Abstract
Diabetes mellitus induces a decrease in sodium potassium-adenosine triphosphatase (Na+/K+- ATPase) activity in several tissues in the rat and red blood cells (RBC) and nervous tissue in human patients. This decrease in Na+/K+- ATPase activity is thought to play a role in the development of long term complications of the disease. Angiotensin enzyme inhibitors (ACEi) and angiotensin-II receptor antagonists (ARBs) reduce proteinuria and retard the progression of renal failure in patients with IDDM and diabetic rats. We investigated the effects of captopril and losartan, which are used in the treatment of diabetic nephropathy, on Na+/K+- ATPase activity. Captopril had an inhibitory effect on red cell plasma membrane Na+/K+ ATPase activity, but losartan did not. Our study draws attention to the inhibitory effect of captopril on Na+/K+ ATPase activity. Micro and macro vascular complications are preceeding mortality and morbidity causes in diabetes mellitus. There is a strong relationship between the decrease in Na+/K+ ATPase activity and hypertension. The non-sulphydryl containing ACEi and ARBs must be the choice of treatment in hypertensive diabetic patients and diabetic nephropathy.
Introduction
Diabetic nephropathy is a clinical syndrome characterised by persistent albuminuria, a relentless decline in glomerular filtration rate (GFR), and elevated systemic blood pressure. The prevalence of abnormality is aproximately 40% in patients with both insulin-dependent diabetes mellitus (IDDM) and non-isulin-dependent diabetes mellitus (NIDDM) [Citation1]. Several studies have shown that certain classses of antihypertensive medications can reduce the risk of developing diabetic nephropathy. Current literature supports the use of angiotensin-converting enzyme inhibitors (ACEIs), angiotensin-II receptor blockers (ARBs), and the non-dihydropyridine calcium channel blockers (NCCBs), verapamil and diltiazem, in diabetic patients at risk to developing nephropathy [Citation2].
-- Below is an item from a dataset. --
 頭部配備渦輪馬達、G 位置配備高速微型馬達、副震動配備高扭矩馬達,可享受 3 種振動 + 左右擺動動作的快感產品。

ACE (EC.3.4.15.1, kininase II), a zinc-requiring metalloenzyme and membrane bound glycoprotein localized mainly in the endothelial cells of pulmonary capillaries, catalyzes the cleavage of histidyl-leucine from the carboxyl-terminal of angiotensin-I, yielding an octapeptide angiotensin II, a known potent vasoconstrictor in the human body. Diabetes is associated with alterations in glomerular filtration rate, kidney mass and renal function, which may elevate blood pressure through altering endogenous fluid and electrolyte balance. This data indicates that an increase in blood pressure is connected with levels of serum ACE activity in diabetes mellitus. High levels of serum ACE activity are also somehow related to the complications of diabetes [Citation3]. Streptozotocin (STZ) is used to induce experimental diabetes in animals and for the treatment of patients with insulinoma [Citation4].
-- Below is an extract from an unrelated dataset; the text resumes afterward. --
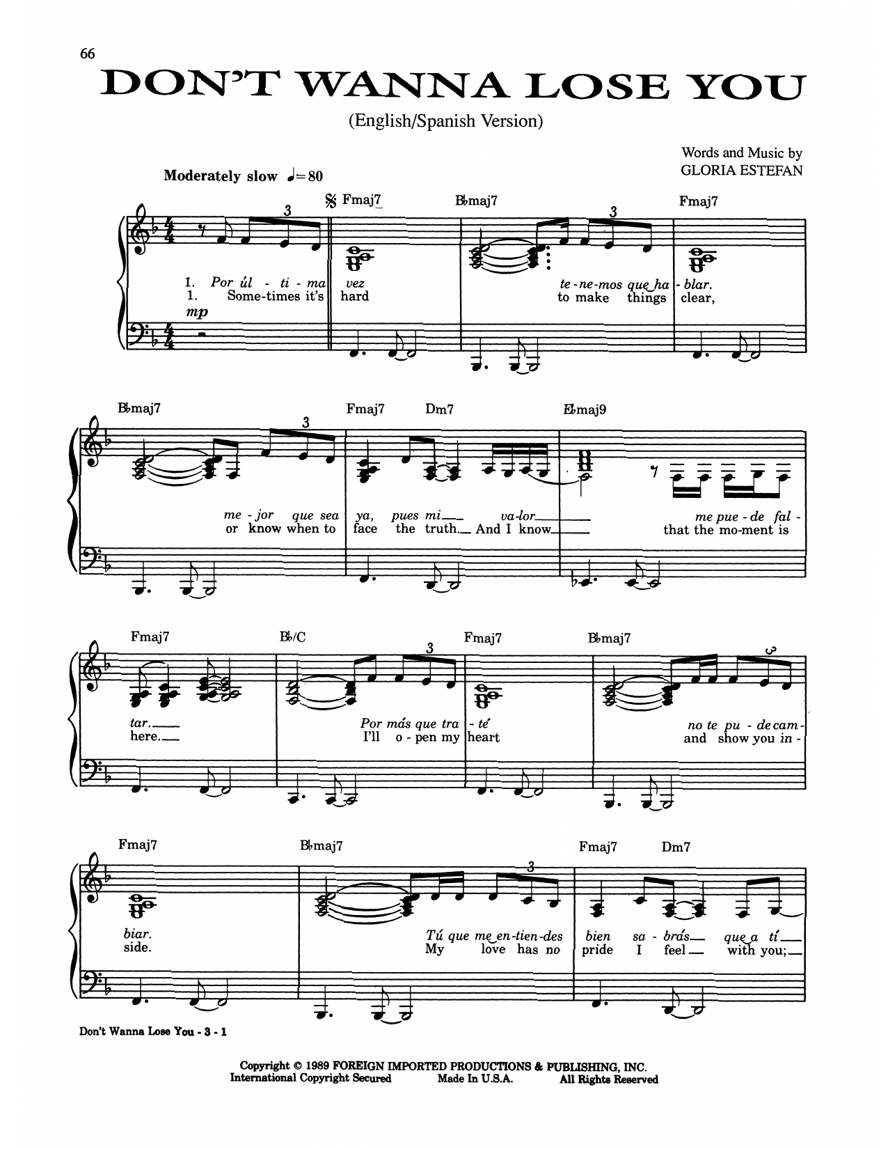Download or print Gloria Estefan Don't Wanna Lose You sheet music, chords and digital score arranged for Piano, Vocal & Guitar Chords (Right-Hand Melody). This Pop score includes 3 page(s).

The sodium-potassium adenosine triphosphatase (Na+/K+ ATPase, sodium pump; EC (3.6.1.37) enzyme is an ubiquitous membrane-associated protein complex that is expressed in most eukaryotic cells. The “pump” transduces energy from the intracellular hydrolysis of adenosine triphosphate (ATP) to achieve the countertransport of sodium and potassium across the cell membrane. Its activity is decreased in many tissues of STZ-induced diabetic animals [Citation5]. Alteration of this transport enzyme is thought to be linked to several complications of diabetes mellitus [Citation6]. Captopril, an ACE inhibitor with a short duration of action, has been shown to reduce proteinuria and retard the progression of renal failure in patients with IDDM and nephropathy [Citation7]. The angiotensin II subtype receptor antagonist losartan, reduces albuminuria and mean arterial blood pressure similar to ACE inhibition [Citation8]. In diabetic rats, the decrease of erythrocyte membrane Na+/K+ATPase activity is associated with the presence of peripheral neuropathy [Citation9]. Captopril has an inhibitory effect on Na+/K+ ATPase [Citation10].
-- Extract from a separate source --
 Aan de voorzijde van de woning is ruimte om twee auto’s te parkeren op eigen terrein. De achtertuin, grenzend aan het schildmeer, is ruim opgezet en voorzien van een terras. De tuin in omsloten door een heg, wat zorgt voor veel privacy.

In this study we aimed to investigate the effects of captopril and losartan on erythrocyte membrane Na+/K+ ATPase.
Materials and methods
Experimental subjects
Experiments were performed on 250–300 g male Wistar rats. The rats were made diabetic by i.p. injection of 65 mg/kg STZ in pH 4.5 sodium citrate buffer. Eight rats received an equivalent amount of buffer and served as a healthy control. Two days after the administration of STZ, blood glucose levels of overnight fasting rats were measured with accutrend test stripes from the tail vein blood [Citation11,Citation12]. STZ injected rats (n = 25) were considered diabetic if blood glucose levels were greater than 12 mM [Citation13,Citation14]. Six weeks following the induction of diabetes, eight rats were given captopril (50 mg/kg/day), eight rats were given losartan (10 mg/kg/day) via orogastric gavage [Citation15,Citation16], and the remaining nine diabetic control rats and eight healthy control rats were given distilled water.
All groups were maintained for six weeks with food and water given ad libitum through the study period. The study protocol was approved by the local ethics committee for animal care and use.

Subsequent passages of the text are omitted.